#### [YOUR GOAL]
Leaving out each picture, transcribe the lines of the listing below exactly from the first through the line that contains "A pochi mesi".
::::
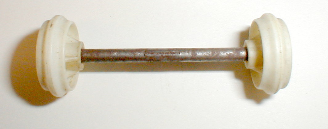 как выглядит 1 pair Large White Wire Wheels 11/16" T X 3/16" W by ELDON Axle 1960 1/32nd NOS фото
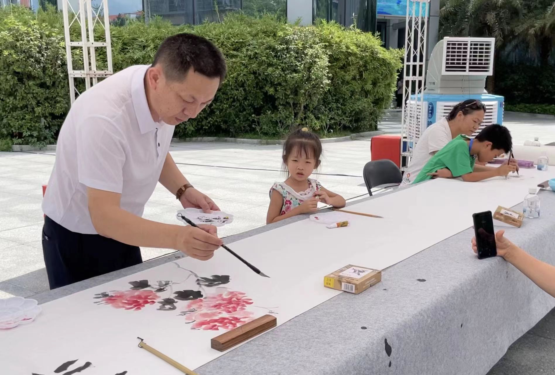不同于首个开放日,今年的活动还从室内延展到了户外空间。广东艺术剧院青少年合唱团启蒙班的孩子们齐聚广场,以快闪的形式同唱经典民歌《掀起你的盖头来》,成为文化厅大院内一道亮丽的风景线。与此同时,户外广场翰墨飘香,广东艺术剧院邀请的书画大师以长轴画为载体,与现场观众展开一次集体即兴创作。
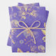 Elegante Goldene Rose über Lila Hintergrund Geschenkpapier Set
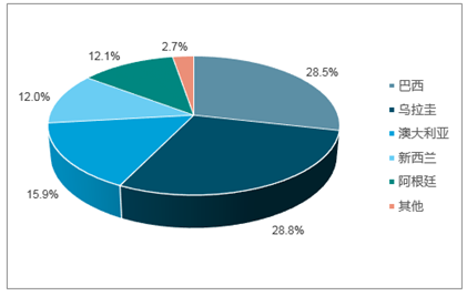 中国冻牛肉进口量国别占比
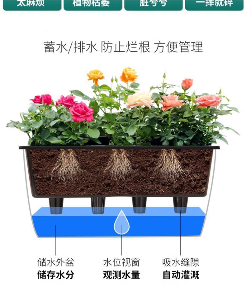 발코니 야채 냄비 자체 흡수 꽃 냄비 야채 심기 가정용 게으른 꽃 그루브 플라스틱 직사각형 플라스틱 심기 상자스토어 가기
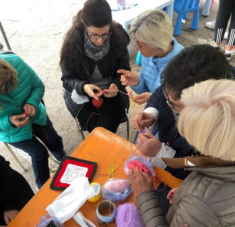 A pochi mesi di distanza, l’obiettivo di realizzare 1.100 mattonelle di 20x20 cm è stato ampiamente raggiunto e superato grazie al contributo di una sessantina di donne del territorio dai venti ai novant’anni, che hanno lavorato sia autonomamente che in gruppo, a volte coinvolgendo più generazioni dalla nonna alla nipotina. È da poco cominciata la seconda fase del progetto, con la cucitura di tutte le mattonelle insieme, andando a formare un albero di sei metri d’altezza.
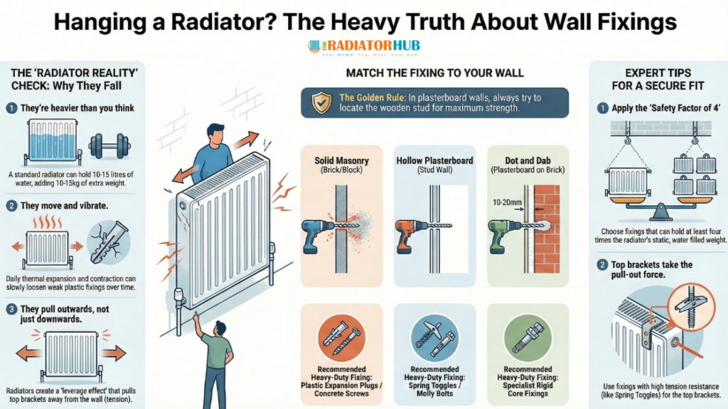 Is your wall ready for the heat? A radiator filled with water weighs significantly more than you think. We break down why standard rawl plugs often fail and rank the heavy-duty fixings, from Spring Toggles to Molly Bolts, that actually keep your radiator on the wall. Read the full safety guide before you drill.
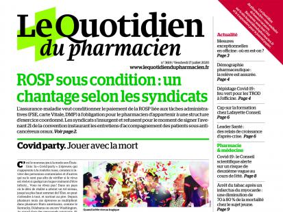 JUILLET. Le tribunal administratif de Montreuil reconnaît pour la première fois la responsabilité de l'État dans l'affaire de la Dépakine. Nicolas Revel, ex-DG de la CNAM, est nommé directeur de cabinet du nouveau Premier ministre, Jean Castex. L'état d'urgence sanitaire prend fin le 10 juillet, certaines mesures exceptionnelles qui concernaient l'officine s'arrêtent, d'autres sont prolongées. Après de longues négociations, les TROD sérologiques pour le Covid-19 débarquent en pharmacie, suite à la publication d'un arrêté le 11 juillet au « Journal officiel ». L'assurance-maladie introduit dans l'avenant 21 une clause imposant aux pharmaciens d'appartenir à une structure d'exercice coordonné pour percevoir la ROSP liée à la réalisation de certaines tâches administratives, les syndicats refusent de signer le texte en l'état. 19 juillet : port du masque obligatoire dans tous les lieux clos. Signature le 29 juillet de l'avenant 21 qui permet aux officinaux d'effectuer les entretiens de suivi pour les patients traités par anticancéreux oraux.
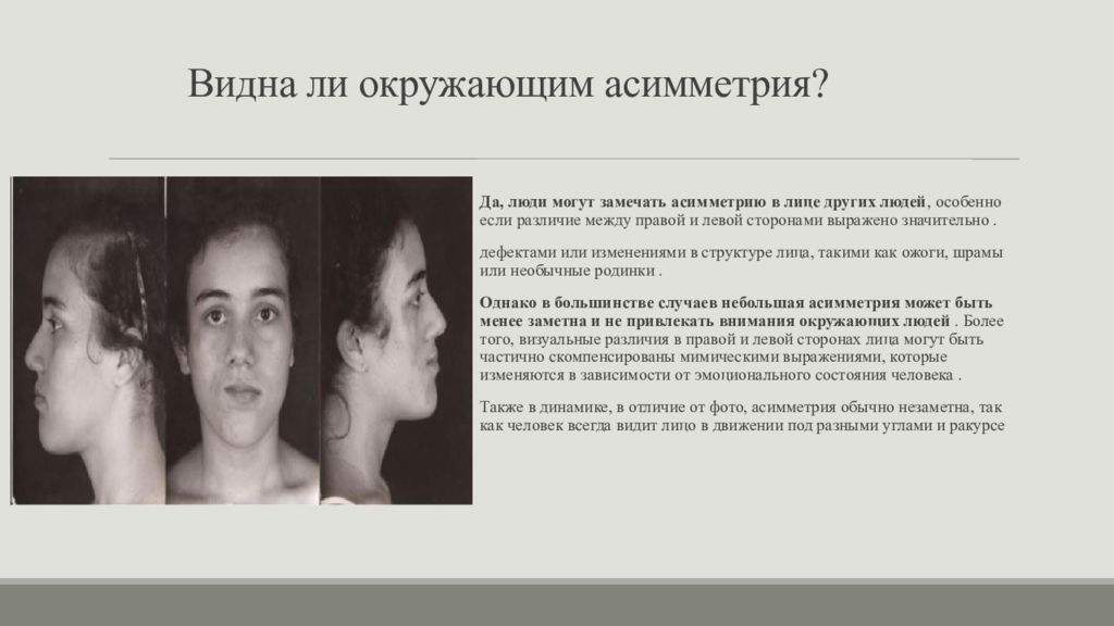 Да, люди могут замечать асимметрию в лице других людей, особенно если различие между правой и левой сторонами выражено значительно . дефектами или изменениями в структуре лица, такими как ожоги, шрамы или необычные родинки . Однако в большинстве случаев небольшая асимметрия может быть менее заметна и не привлекать внимания окружающих людей . Более того, визуальные различия в правой и левой сторонах лица могут быть частично скомпенсированы мимическими выражениями, которые изменяются в зависимости от эмоционального состояния человека . Также в динамике, в отличие от фото, асимметрия обычно незаметна, так как человек всегда видит лицо в движении под разными углами и ракурсе
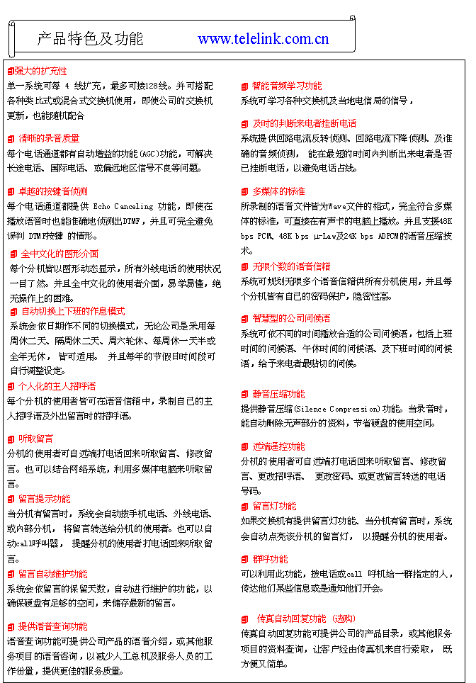 系統(tǒng)可提供直撥分機(jī),呼叫器,電話,移動(dòng)電話或點(diǎn)留言燈的方式通知分機(jī)主人有留言,聽完留言即滅燈
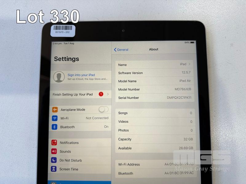 APPLE iPAD AIR, 32GB, Wi-Fi, SPACE GREY, MODEL A1474, MD786X/B (NO CABLE, NO CHARGER) S/N:DMPQX2C1FK11
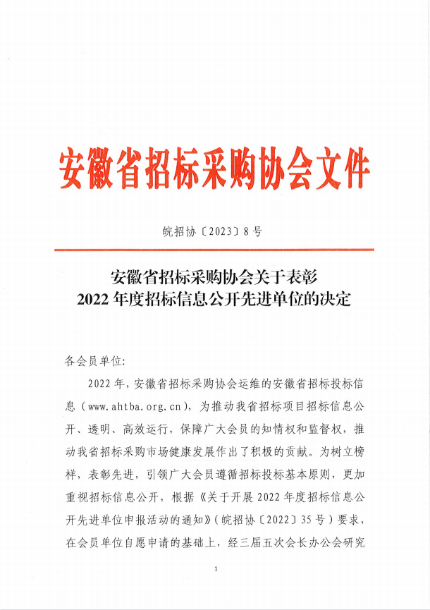 熱烈祝賀安徽和正工程咨詢有限公司---榮獲2022年度招標信息公開先進單位
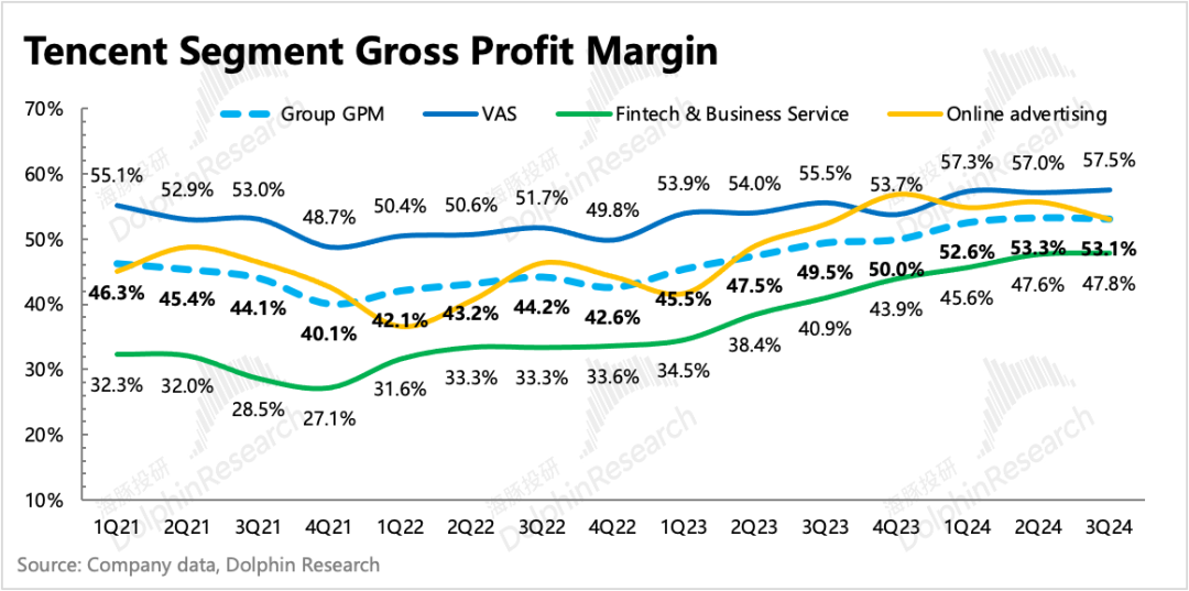 不过站在长期视角,海豚君还是认为腾讯的杠杆效应还没完全发挥出来。不仅仅是体现在超10万人的组织优化上(成熟业务的人效比并不高),还体现在同一产业链上下游各项业务之间的联动,减少集团层面的摩擦成本,以及AI新技术的变革,从而带来的整体提效。
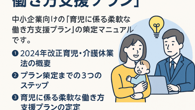 労務管理 【ブログ記事】「育児に係る柔軟な働き方支援プラン」策定マニュアルのご案内 2025年10月6日 hiraokatakuya https://smile-office-sr.com/wp-content/uploads/2025/03/hiraoka_rogo-02.png ひらおか社会保険労務士事務所
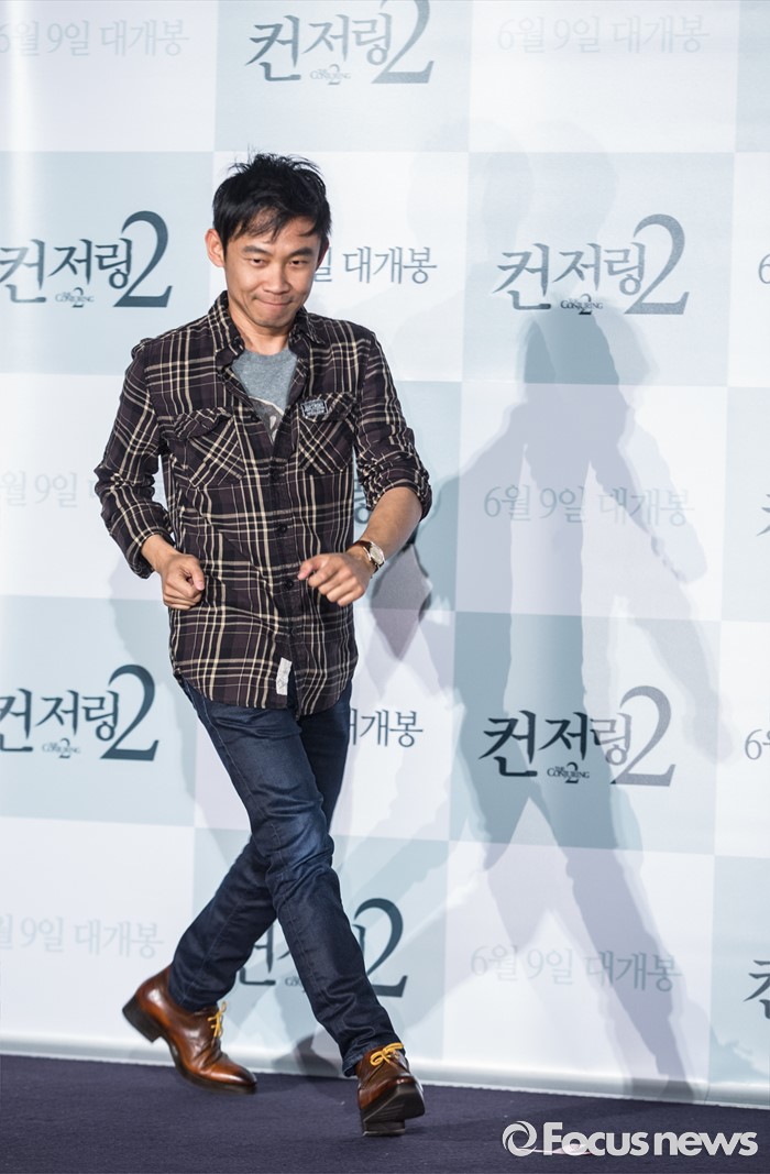 (서울=포커스뉴스) 26일 오후 서울 영등포구 여의도 CGV에서 영화 '컨저링2'의 제임스 완 감독이 기자간담회에 참석해 포토타임을 갖고 있다.
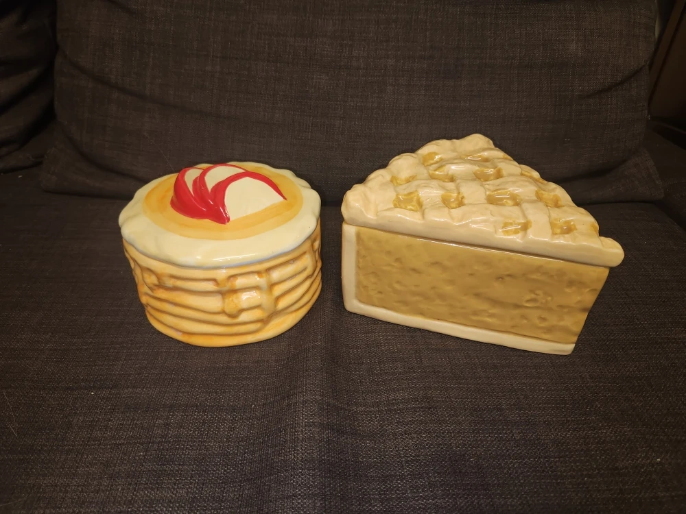 I'm selling a set of ceramic storage containers shaped like a stack of pancakes and a slice of pie. They're super cute and would be a fun addition to any kitchen!
::::
#### [SOLVED PROBLEM]
 как выглядит 1 pair Large White Wire Wheels 11/16" T X 3/16" W by ELDON Axle 1960 1/32nd NOS фото
不同于首个开放日,今年的活动还从室内延展到了户外空间。广东艺术剧院青少年合唱团启蒙班的孩子们齐聚广场,以快闪的形式同唱经典民歌《掀起你的盖头来》,成为文化厅大院内一道亮丽的风景线。与此同时,户外广场翰墨飘香,广东艺术剧院邀请的书画大师以长轴画为载体,与现场观众展开一次集体即兴创作。
 Elegante Goldene Rose über Lila Hintergrund Geschenkpapier Set
 中国冻牛肉进口量国别占比
 발코니 야채 냄비 자체 흡수 꽃 냄비 야채 심기 가정용 게으른 꽃 그루브 플라스틱 직사각형 플라스틱 심기 상자스토어 가기
 A pochi mesi di distanza, l’obiettivo di realizzare 1.100 mattonelle di 20x20 cm è stato ampiamente raggiunto e superato grazie al contributo di una sessantina di donne del territorio dai venti ai novant’anni, che hanno lavorato sia autonomamente che in gruppo, a volte coinvolgendo più generazioni dalla nonna alla nipotina. È da poco cominciata la seconda fase del progetto, con la cucitura di tutte le mattonelle insieme, andando a formare un albero di sei metri d’altezza.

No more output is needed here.